*** Collected data ***

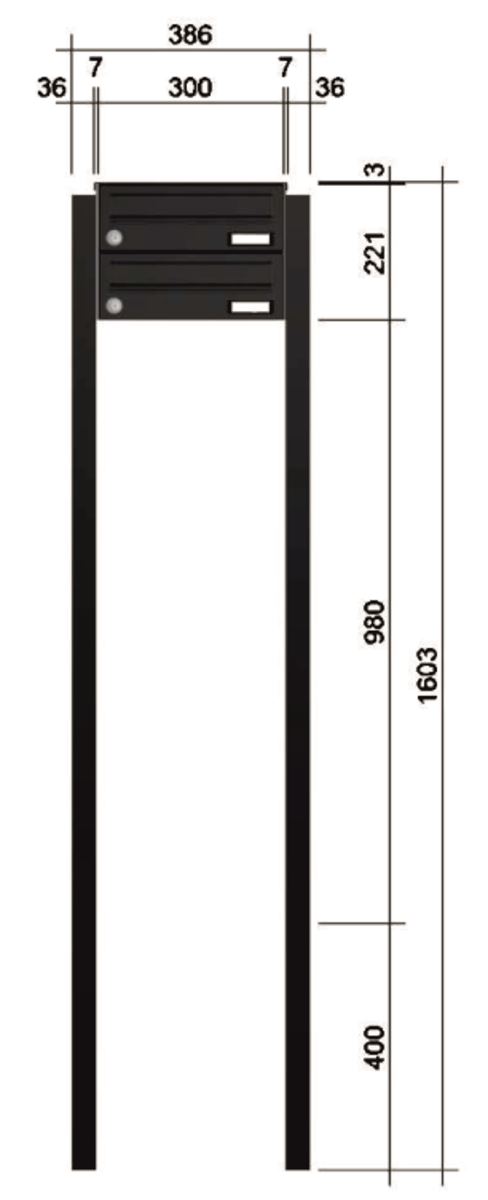 Vrijstaande brievenbus, dient in beton geplaatst te worden.
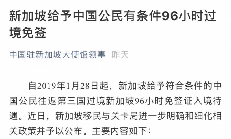 然而在昨天(2019年2月21日),“中国驻新加坡大使馆领事”微信平台发布了这样一篇文章《新加坡给予中国公民有条件96小时过境免签》。
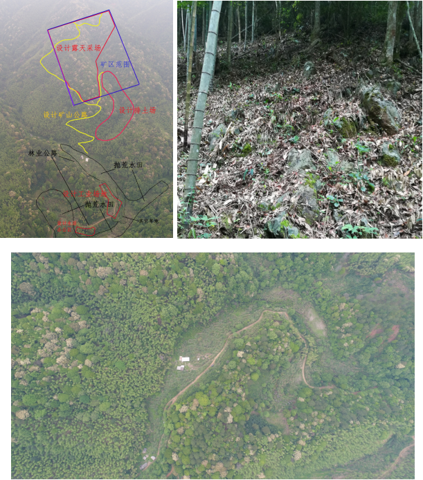 礦區(qū)北側150m山溝邊有三處臨時建筑物(標高約+495m,占地面積約為80m2),為當?shù)卮迕窨撤ッ?、制作筍干的臨時設施,無人居住,主要放置工具等,僅作為1~2人在毛竹成熟時節(jié)短暫作業(yè)時休息場所。除此之外礦山爆破警戒線內無需要保護的其它居民房、名勝古跡、高壓線等建構筑物。

*** End of Collected data ***

- [Task prompt]:
The copy must begin with the line containing "然而在昨天(2019年2月2", end with the last line of the material, match each line exactly, and hold no pictures.

- [Written reply]:
 然而在昨天(2019年2月21日),“中国驻新加坡大使馆领事”微信平台发布了这样一篇文章《新加坡给予中国公民有条件96小时过境免签》。
 礦區(qū)北側150m山溝邊有三處臨時建筑物(標高約+495m,占地面積約為80m2),為當?shù)卮迕窨撤ッ?、制作筍干的臨時設施,無人居住,主要放置工具等,僅作為1~2人在毛竹成熟時節(jié)短暫作業(yè)時休息場所。除此之外礦山爆破警戒線內無需要保護的其它居民房、名勝古跡、高壓線等建構筑物。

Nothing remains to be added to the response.